START DATA PROVIDED

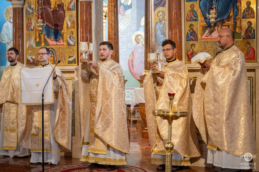 Szombaton reggel – Orosz Atanáz püspök jelenlétében – Szent Liturgiát végzett a székesegyházban Orosz István Mokiosz atya, mellette szolgáltak az oltár körül a zarándoklatba aktívan bekapcsolódó paptestvérek is.
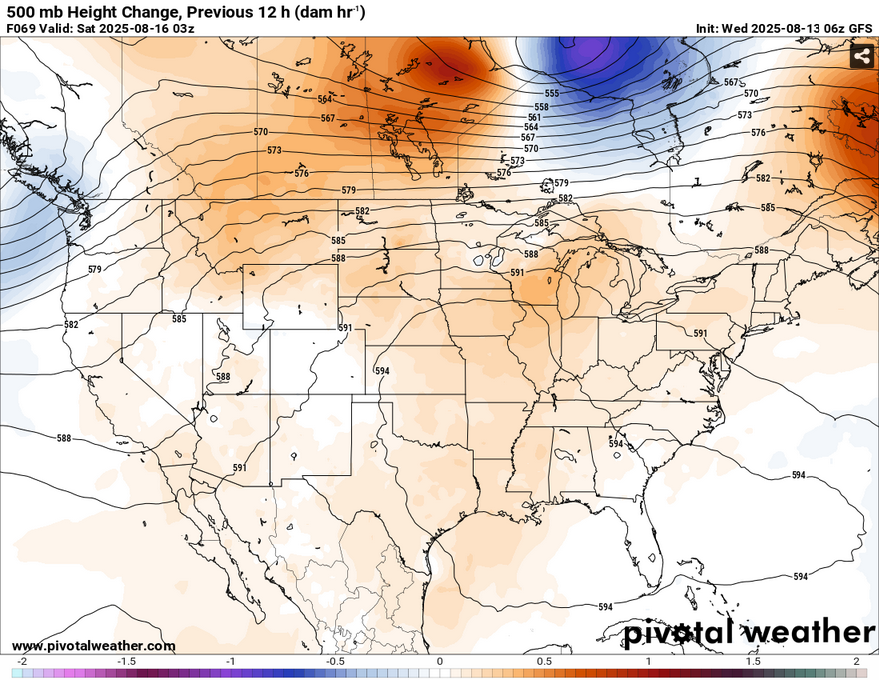 A large upper level ridge over the central and eastern US from the GFS model //Courtesy: Pivotal Weather
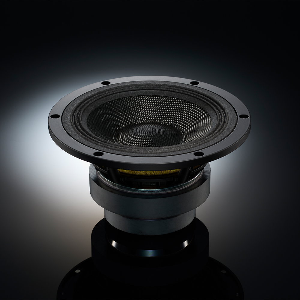The 16cm woofer employs a Multi-layered Aramid Composite Cone (MACC) diaphragm to achieve greater strength, improved internal-loss characteristics, and ideal vibrational behavior. The MACC diaphragm is composed of layers of woven aramid fabric and non- woven fabric of different material formed individually, then laminated to form a single composite cone, and is driven by a Linear Drive Magnetic Circuit (LDMC) with outstanding linearity. All this attention to detail contributes to a rich, distortion-free low-frequency-range sound, as well as a mid-to-low-frequency.

END DATA PROVIDED

• PROBLEM STATEMENT: Give exactly those lines of the listing that run from its first line through the line with "A large upper", leaving each picture out.

• ANSWER AREA:
 Szombaton reggel – Orosz Atanáz püspök jelenlétében – Szent Liturgiát végzett a székesegyházban Orosz István Mokiosz atya, mellette szolgáltak az oltár körül a zarándoklatba aktívan bekapcsolódó paptestvérek is.
 A large upper level ridge over the central and eastern US from the GFS model //Courtesy: Pivotal Weather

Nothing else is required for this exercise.